Stop rambling please, it's time to have a shower.
Oh, so it is!
Friday, 4 April 2008
Thursday, 3 April 2008
'A slave begins by demanding justice and ends by wanting to wear a crown'
I am now slightly more educated in the subject of art thanks to Peter Doig and the Camden Town Group...and Shelly Clarkerson! A good day out was just what I need and just what I got today. We even talked about vultures - I remembered! Vultures! 'Me and my vultures!'. Knew I'd get there in the end....OOOHH IN-JOKE!
Hmm, perhaps there's not much point in adding in-jokes to online journals but this is my journal and if you don't like it you can just.....well, ignore it. Don't leave. I'm a needy person. Don't leave.
I have nothing thoughtful to add: perhaps tomorrow when I'm more awake.

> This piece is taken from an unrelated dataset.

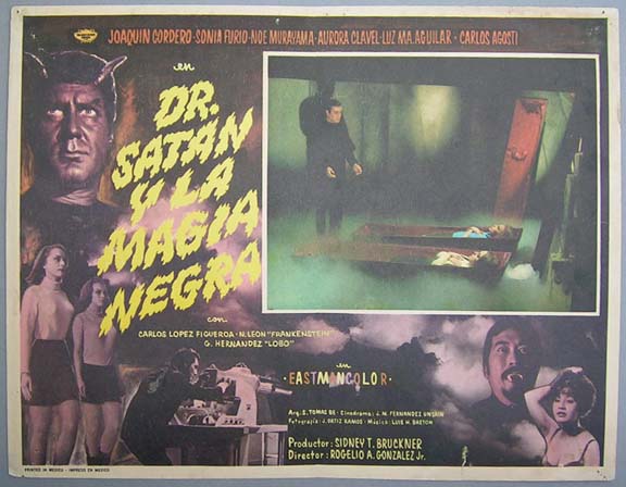 Lurid horror film lobby card has a wild montage of images, including: a vampire, female zombies, a horned devil and scientific gadgets. The card has light to moderate signs of use, but no major flaws... This movie starred Joaquin Cordero, Sonia Furio, Noe Murayama, Aurora Clavel and Carlos Agosti. $15 |

Goodnight cruel, strange and beautiful world.
Wednesday, 2 April 2008
Blinded no more
I knew he'd die in the next few years. People don't go to old folks' homes expecting to live for another twenty or so years - especially the one I worked in. He seemed such a positive man, always smiling unless his depression kicked in, at which time he'd just ask to be left alone. Of course I don't know everything about his life, only what his family have told me and what he has told me himself but he was a good man. He was a good man so why did he have to suffer such torment at the end? Where is the fucking justice? He didn't deserve it.
Christopher felt like a friend, not just a resident. I'd look forward to going in to work and seeing him because we could make each other laugh and he'd try teaching me bits of the Irish language.
This is all just babble to everyone else I'm sure, but it has to come out as all I'm doing is sitting here sobbing.
Christopher, thank you for making me smile and being unique. Thank you for helping to make my working life a happier one. Thank you for being kind and for having lovely children who were always so charming to be around. I suppose I never really knew you that well but I still wish you were my grandad! I hope you have found a peace and I hope you can finally now be at rest. Goodbye.